Le secteur de la formation ne sera plus jamais le même après la crise épidémique. La formation à distance dispose désormais d’un avantage économique plus décisif que jamais, qui devrait survivre dans une large mesure à la période d’incertitude qui se dessine. Les organismes de formation vont devoir réinventer simultanément leur modèle économique, leur offre et l’articulation de leurs modalités pédagogiques. Parallèlement, la gestion de la formation au sein de l’entreprise va devenir un exercice essentiel et exigeant une grande expertise. Le rôle du responsable formation s’en trouvera encore renforcé.
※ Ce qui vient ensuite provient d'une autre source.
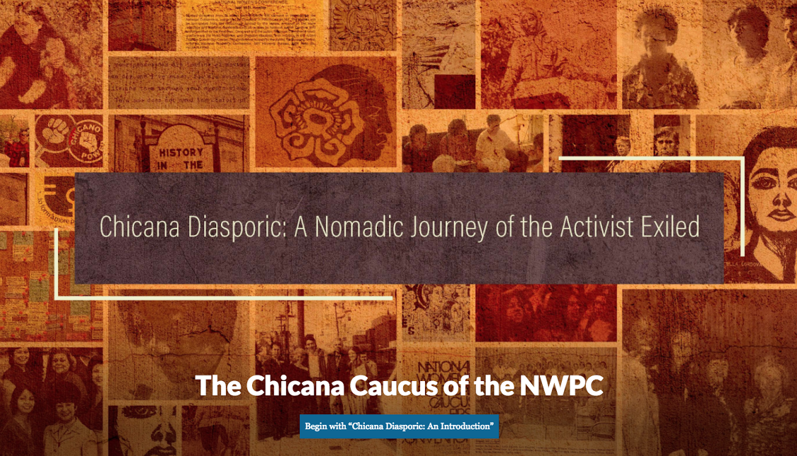 Chicana Diasporic, A Nomadic Journey of the Activist Exiled, is a media rich, annotated Scalar research hub that highlights a political/ideological journey of the women of the Chicana Caucus of the National Women’s Political Caucus (NWPC) from 1973 to 1979. Presented in a museum collection format, this interdisciplinary exploration of the Chicana Caucus includes speeches, correspondence, event posters, photographs, filmed interview clips, an introductory narrative and timeline that defines the Caucus’ history, structure and purpose, and their national impact on 1970s second wave feminism.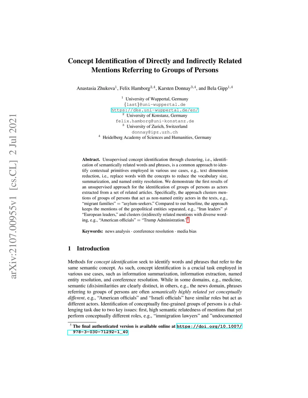 Unsupervised concept identification through clustering, i.e., identification of semantically related words and phrases, is a common approach to identify contextual primitives employed in various use cases, e.g., text dimension reduction, i.e., replace words with the concepts to reduce the vocabulary size, summarization, and named entity resolution. We demonstrate the first results of an unsupervised approach for the identification of groups of persons as actors extracted from a set of related articles. Specifically, the approach clusters mentions of groups of persons that act as non-named entity actors in the texts, e.g., "migrant families" = "asylum-seekers." Compared to our baseline, the approach keeps the mentions of the geopolitical entities separated, e.g., "Iran leaders" != "European leaders," and clusters (in)directly related mentions with diverse wording, e.g., "American officials" = "Trump Administration."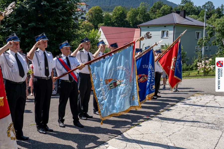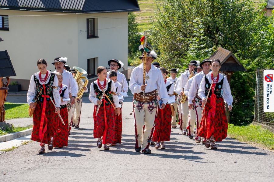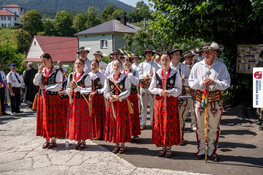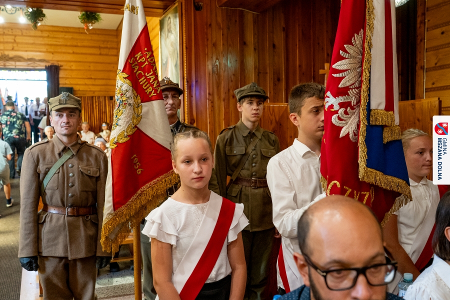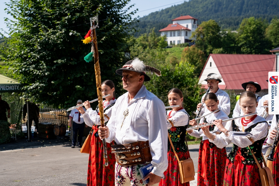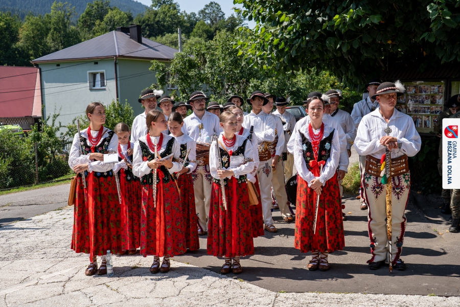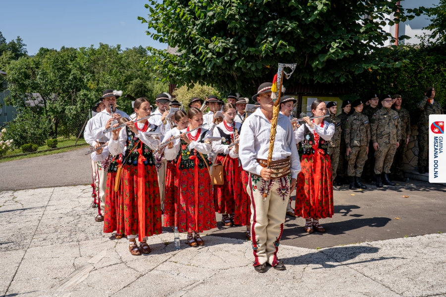 Po zakończeniu Mszy uczestnicy zgromadzili się na placu przed kościołem, gdzie odbyła się dalsza część uroczystości. Hymn Polski odegrała orkiestra Echo Gór, a flagę państwową na maszt wciągnęli strzelcy z Jednostki Strzeleckiej „Strzelec” JS2404 z Mszany Dolnej, oddając hołd bohaterom walki o niepodległość.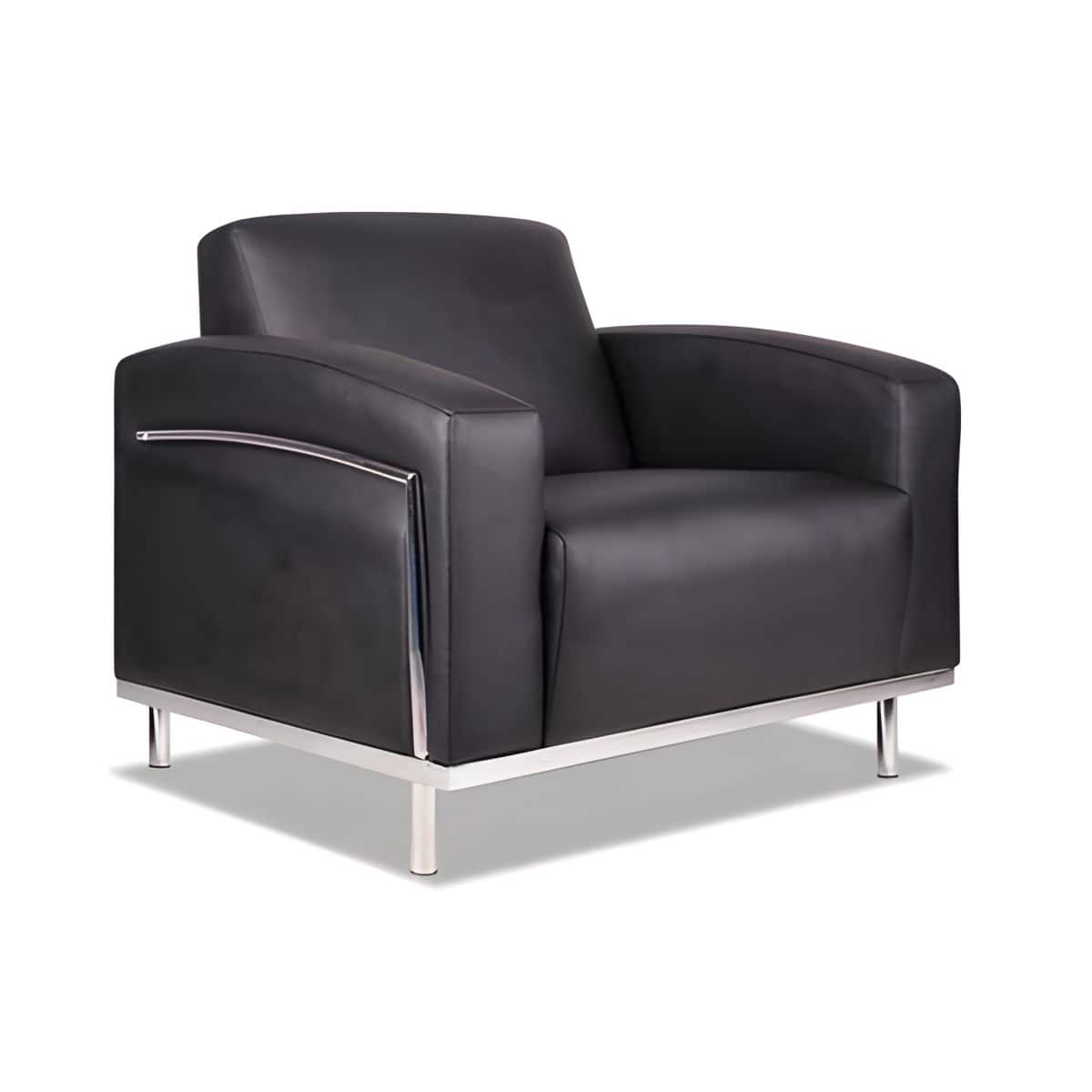 F111 single seater office sofa with black bonded leather upholstery and stainless steel frameF111 Single Seater Office Sofa
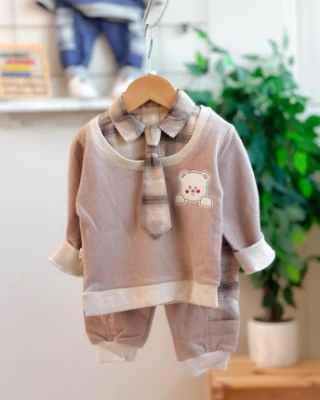 Çıkarılabilir kravatlı sevimli ayıcık nakışlı sahte gömlek görünümlü mevsimlik 3 parça takım Bebek Durağı Bebek ve Çocuk Giyim | Bebek Durağı | bebekduragi.com.tr
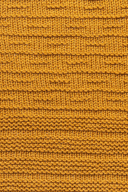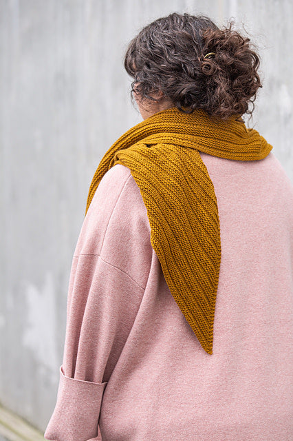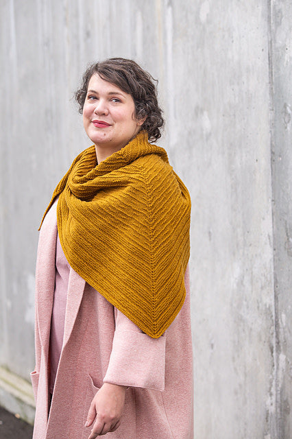 The shawl is worked in two sections — the first, a textured garter dash pattern, followed by a border section worked using garter stitch ridges. Three basic sizes have been provided within the pattern, though the shawl’s modular design allows as many or as few repeats of Section 1 and Section 2 as you like, enabling easy customization of the finished size.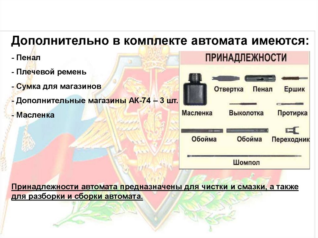 Принадлежности автомата предназначены для чистки и смазки, а также
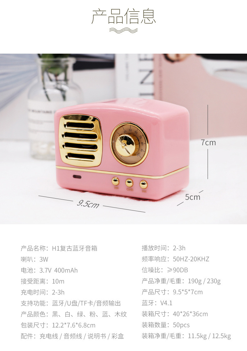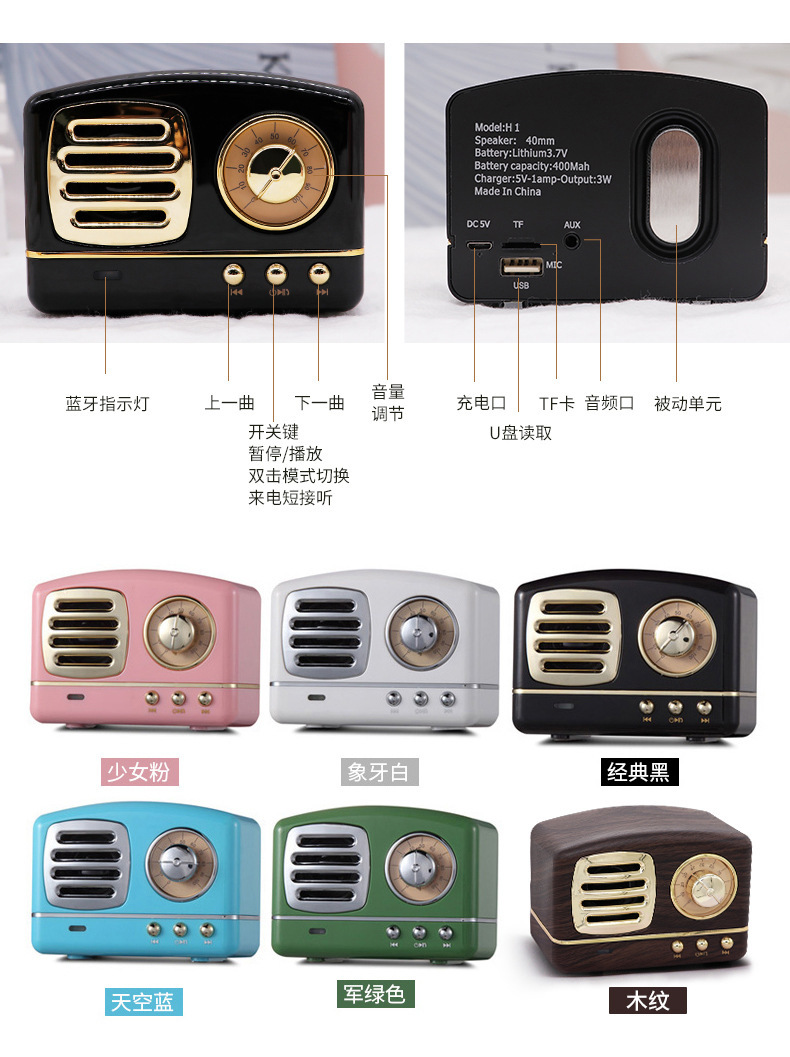 外贸专供新款复古HM11蓝牙音箱便携低音炮迷你收音户外机蓝牙音响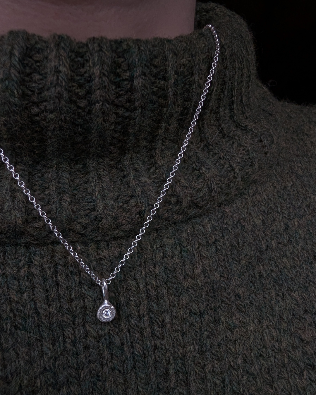 A refined sterling silver pendant featuring a small pebble-shaped disc set with a sparkling 2 mm clear diamond at its centre. The softly textured silver contrasts beautifully with the brilliance of the diamond, creating a subtle yet eye-catching detail.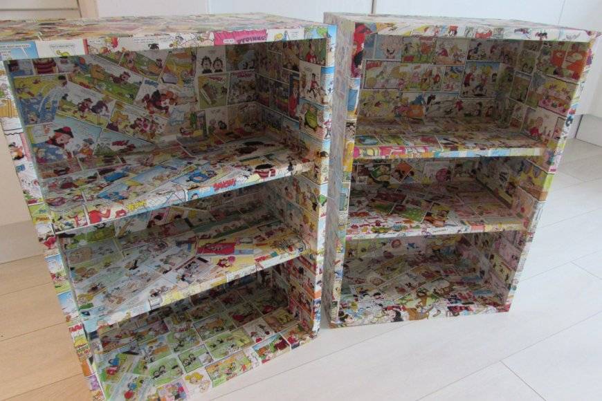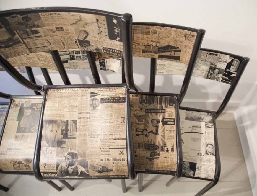 Такой оригинальный стиль подчеркивается мебелью, обклеенной вырезками из газет или старыми фотографиями.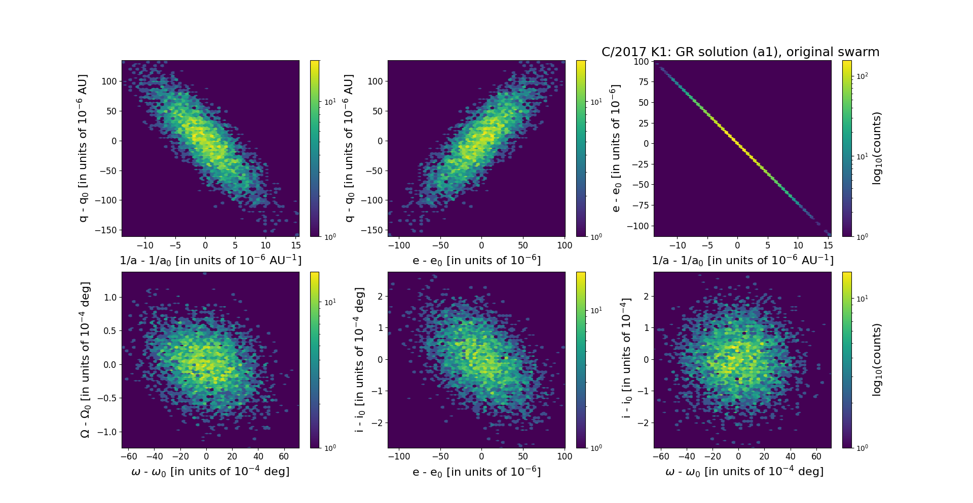 This Oort spike comet suffers tiny planetary perturbations during its passage through the planetary system that likely lead to a bit tighter future orbit (see future barycentric orbits).
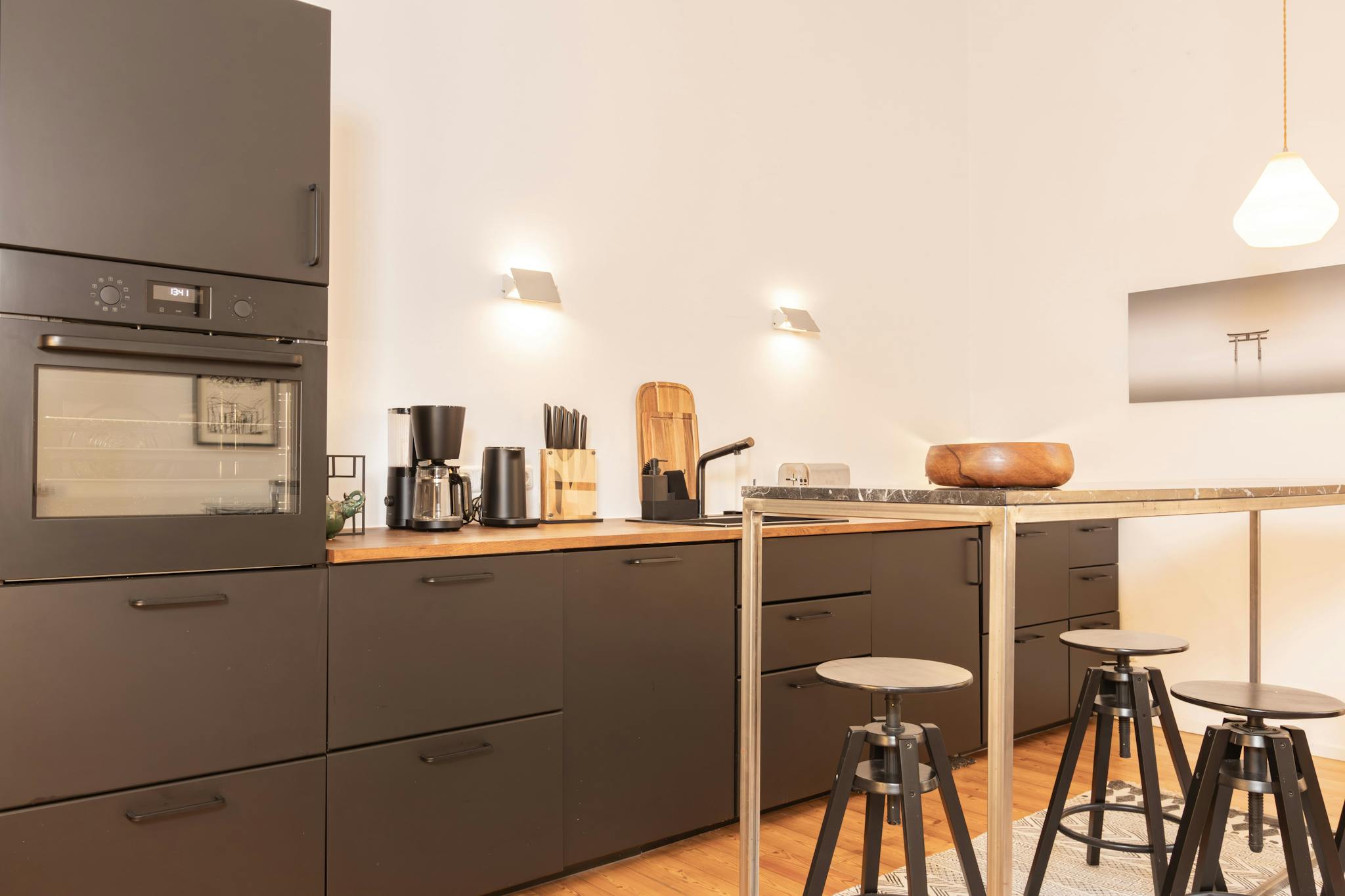 Die Küche verfügt über Kochutensilien, Backofen, Ceranfeld, Spülmaschine, Wasserkocher, Toaster, Kaffeemaschine und einer Theke mit Hockern. Des weiteren ist in der Küche ebenfalls eine Waschmaschine verbaut.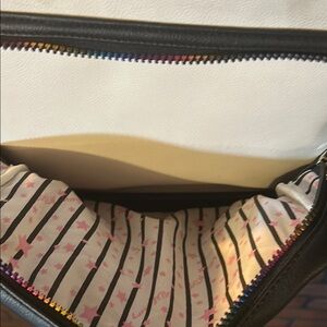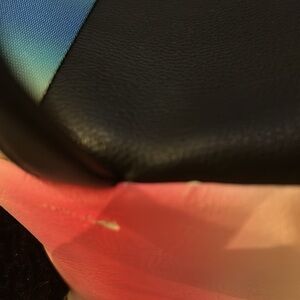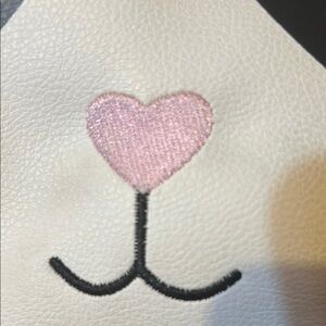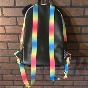 Adorable panda backpack with heart eyes design. Features a quilted black front pocket and rainbow straps. Perfect for those who love fun and colorful accessories. Only flaw is a small tears in faux leather at top of bag which does not produce an entire hole in bag.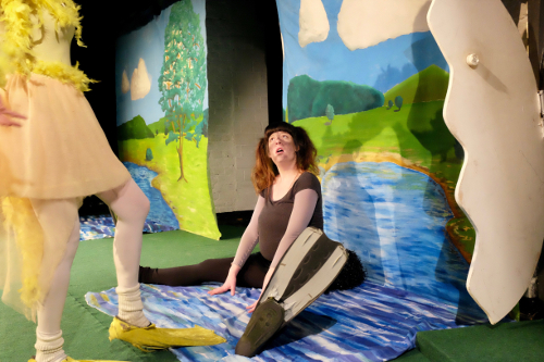 Wer denkt, man könne mit Kindern im Winter nur zu aufwendig inszenierten Musicals oder etwa Eisprinzessinnen-Shows gehen und deswegen erst gar nicht geht, liegt falsch und tut den Kindern damit unrecht. Das beweist das Stück „Das hässliche Entlein“ an diesem Mittwochvormittag im Kölner Horizont Theater. Gespannt und interessiert starren die Augen der Sprösslinge auf den Antihelden des heutigen Theaterstückes von Regisseur, Schauspieler und Autor Aydın Işık: Im Mittelpunkt des Geschehens steht hier keine makellose 0815-Beauty, sondern im Gegenteil ein verlorenes, gar hässliches, graues und dickes Entlein, das sogar von den doofen Wasserflöhen gehänselt wird. Antiheldenhaft und anti-darwinistisch ist schon das Ei des Nachzöglings vor dem Schlüpfen kleiner als das seiner Geschwister. Die massive Schale symbolisiert das versteinerte Kind zu Beginn des Lebens, das gar nicht aufbrechen will. Stattdessen ist es ein Spätzünder. Nachdem die schöne gelbe Schwester „Enteli“ (Signe Zurmühlen) zunächst verwundert ist, wie lange es dauert, bis ihr Schwesterchen geschlüpft ist, und wie diese aussieht, versucht sie fortan, der allem Anschein nach hässlichen „Grauline“ (Lisa Heck) Flöhe-Jagen beizubringen, Schwimmen, Fliegen und Paddeln. Doch vergeblich. Zu tollpatschig benimmt sich die naive, vermeintlich unschöne Nachzöglerin. Alsbald schlüpft die quietsche-gelbe Schwester in die Rolle einer meckernden Casting-Agentin: „Du fliegst nicht richtig! Du schwimmst ja ganz komisch! Wie siehst du überhaupt aus?“, sich dabei stets Unterstützung aus dem kindlichen Publikum holend, dieses quasi in den Mobbing-Prozess aktiv mit einbindend.

Thibault Gousset coordonne l’activité formation du groupe Apave à l’échelle du territoire français (170 implantations, une centaine de plateaux techniques, 2 200 formateurs). Apave est leader sur le marché de la sécurité et santé au travail (risque électricité, conduite d’engins (Caces), risque chimique, formations obligatoires des représentants du personnel, nucléaire, amiante, climatisation…)
Arnaud Portanelli est le co-fondateur de Lingueo, spécialisé dans la formation en langues à distance. Lingueo travaille avec plus de 800 formateurs dans 14 langues. Arnaud Portanelli anime également le blog Cpformation.
Natacha de Saint-Vincent dirige le pôle Formation du groupe Lefebvre-Sarrut. Celui-ci regroupe 6 organismes de formation : CSP et Docendi (spécialisés dans les compétences transverses), Dalloz formation, Elegia, Francis Lefebvre Formation et Bärchen (finance, comptabilité, RH, droit, banque…) Les 6 organismes représentent un réseau de près de 2000 formateurs experts.